AUTOMATED KNEE OSTEOARTHRITIS SEVERITY DETECTION FROM X-RAY IMAGES: A DATA-CENTRIC AI APPROACH
Keywords:
Artificial Intelligence, Radiographic Analysis, Knee Osteoarthritis, Medical Imaging, Automated detection.Abstract
Knee osteoarthritis remains one of the main sources of pain and disabling conditions that affect the knees of millions of people. Consequently, the early detection of the disease can greatly impact patient care. Nevertheless, the diagnosis of KOA through X-ray is not always a simple solution. These vast datasets of medical images are typically quite inconsistent, noisy, and a variety of image qualities. We aimed to enable AI to detect KOA more accurately by connecting data preparation as the most crucial step of the process in our study.

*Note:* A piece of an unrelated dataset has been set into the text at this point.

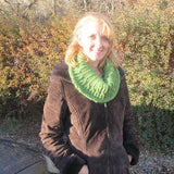 This adorable cowl can be made with either thick #6 yarn creating a stiffer fabric or #4 yarn creating a looser more elegant look.  Made on the
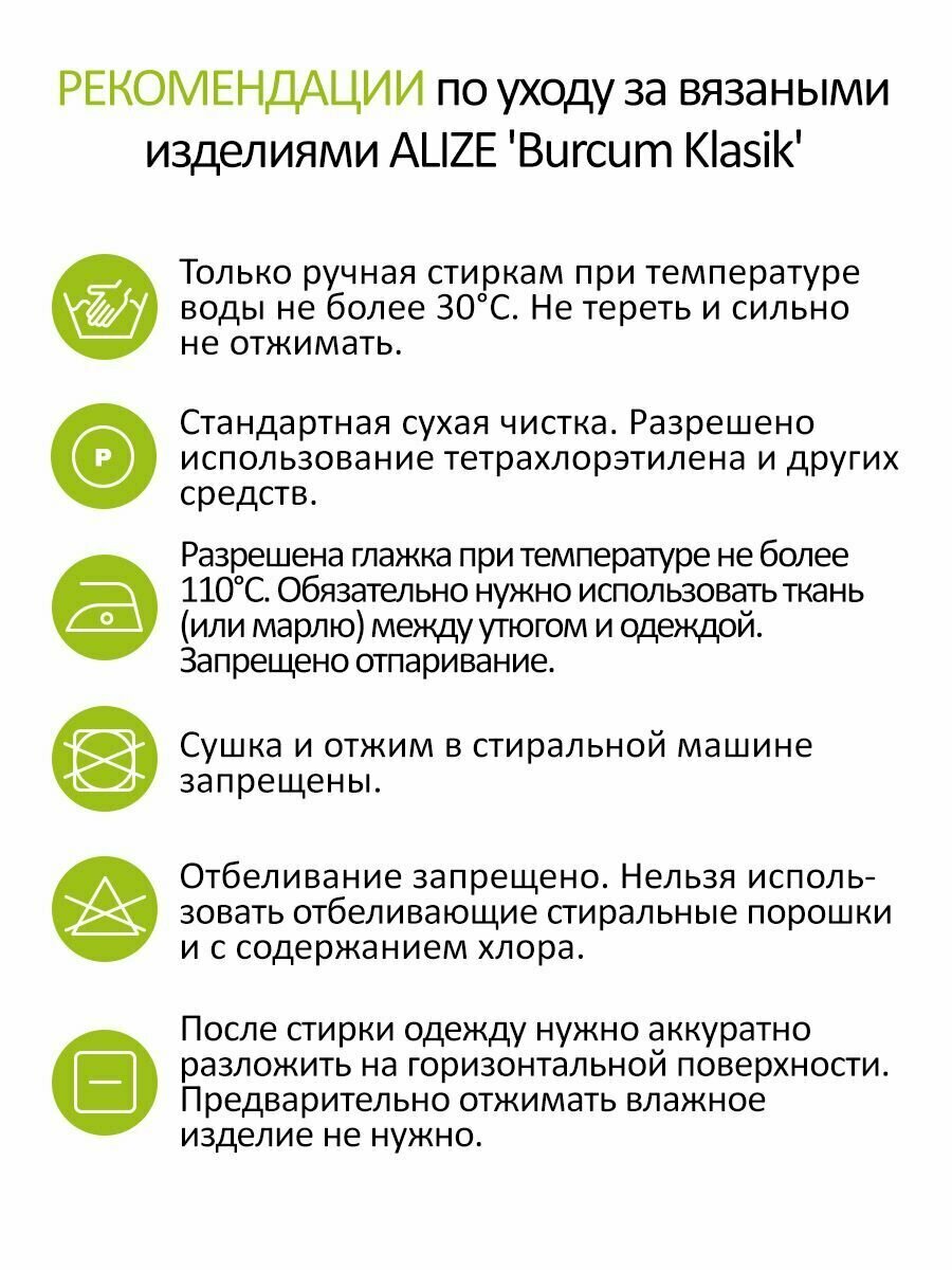 Пряжа для вязания ALIZE 'BURCUM KLASIK' 100гр. 210м (100% Акрил) (210 зеленый), 5 мотков 1 076 ₽

To render the images more AI-friendly, we performed a thorough cleaning of the X-ray images to remove noise and ensure consistent quality. We separated the images into different levels of severity of the disease after cleaning, which allowed our algorithm to recognize the smallest changes as the disease progressed. This well-prepared dataset allowed the AI model to obtain a high level of accuracy in detecting KOA, even being able to match the performance of human experts. We designed an AI tool that can offer stable and reliable assistance to doctors, thus, the diagnostic procedure can be potentially expedited and patient outcomes improved without the need for data of inferior quality from the very beginning. We plan to perfect these methods and also study the possibility of using them for diagnosing other joint disorders.